Am Fam Physician. 2007;75(5):732
Background: Although analyses of data from the Framingham database suggest that increased body mass index (BMI) is a risk factor for the development of heart failure, recent studies have noted that obesity may be associated with better outcomes in heart failure. This has become known as the “obesity paradox.” Because these findings may lead physicians to discourage patients with heart failure from losing weight, a better understanding of the relationship between obesity and heart failure is warranted.
Results: Habbu and colleagues evaluated eight studies looking at the relationship between heart failure and BMI. All studies showed a correlation between higher BMI and survival. However, most studies had limitations such as sample size, insufficient delineation of variables used in adjustment, and the use of clinical instead of objective criteria in diagnosing heart failure; lead-time bias also was a possibility in one study. More importantly, the studies' findings suggest a negative impact from cachexia rather than positive effects from obesity. One study excluded patients with cachexia (defined as unintentional weight loss) but included patients with BMIs around 22 kg per m2, who had the same comparatively poor outcomes as the excluded patients.
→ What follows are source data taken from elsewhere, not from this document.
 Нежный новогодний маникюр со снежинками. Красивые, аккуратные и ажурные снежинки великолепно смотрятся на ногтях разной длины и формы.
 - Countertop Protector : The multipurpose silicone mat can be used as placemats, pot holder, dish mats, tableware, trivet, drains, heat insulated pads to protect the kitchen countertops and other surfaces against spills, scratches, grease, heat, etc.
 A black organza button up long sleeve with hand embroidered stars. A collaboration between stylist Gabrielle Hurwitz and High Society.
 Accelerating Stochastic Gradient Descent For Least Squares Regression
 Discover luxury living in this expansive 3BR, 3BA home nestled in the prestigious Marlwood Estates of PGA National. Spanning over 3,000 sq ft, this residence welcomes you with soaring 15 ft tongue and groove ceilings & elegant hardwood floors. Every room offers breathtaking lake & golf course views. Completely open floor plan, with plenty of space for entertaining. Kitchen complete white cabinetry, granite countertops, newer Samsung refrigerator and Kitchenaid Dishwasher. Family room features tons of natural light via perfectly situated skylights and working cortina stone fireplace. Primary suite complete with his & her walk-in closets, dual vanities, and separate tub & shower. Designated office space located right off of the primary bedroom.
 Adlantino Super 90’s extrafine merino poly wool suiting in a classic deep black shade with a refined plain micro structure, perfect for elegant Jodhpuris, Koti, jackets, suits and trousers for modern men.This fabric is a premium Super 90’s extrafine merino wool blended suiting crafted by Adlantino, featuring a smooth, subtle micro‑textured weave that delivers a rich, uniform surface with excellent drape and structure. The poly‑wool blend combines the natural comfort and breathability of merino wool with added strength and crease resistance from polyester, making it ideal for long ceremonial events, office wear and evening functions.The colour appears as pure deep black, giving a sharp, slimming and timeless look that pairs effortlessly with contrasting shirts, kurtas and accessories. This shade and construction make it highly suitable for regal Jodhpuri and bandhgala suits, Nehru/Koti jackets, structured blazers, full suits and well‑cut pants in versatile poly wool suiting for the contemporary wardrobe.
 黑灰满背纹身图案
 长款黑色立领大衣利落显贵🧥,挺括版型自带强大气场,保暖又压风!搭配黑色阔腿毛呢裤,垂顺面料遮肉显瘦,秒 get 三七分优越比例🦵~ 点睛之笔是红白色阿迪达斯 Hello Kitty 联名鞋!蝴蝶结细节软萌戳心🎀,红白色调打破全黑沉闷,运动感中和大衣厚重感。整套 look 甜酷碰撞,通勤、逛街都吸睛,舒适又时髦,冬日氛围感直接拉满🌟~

In another study the reverse occurred—patients with unintentional weight loss but a normal BMI remained in the study, whereas patients with very low BMIs were excluded.
Conclusion: Overall, the study results show an inverse relationship between BMI and survival, but one possible cause may be that patients were thinner because they were less healthy. In addition, the studies do not exclude the possibility that patients with very high BMIs (i.e., greater than 35 kg per m2) have worse mortality outcomes. If this is so, the U-shaped curve describing the relationship between BMI and mortality in the general population also would apply to patients with heart failure.
editor's note: This study raises questions similar to those posed by larger studies relating overweight and obesity to mortality. One study demonstrated a U-shaped curve with optimal BMIs at 25 kg per m2 and steady increases in mortality in the overweight range.1 Another study showed excess mortality in underweight and obese persons but no correlation between obesity and mortality in the overweight range (BMI = 25 to 29.9 kg per m2).2 Mortality may not be the best outcome measure because of the long lead times between morbidity and mortality and because of unhealthy conditions accounting for lower weights.—c.w.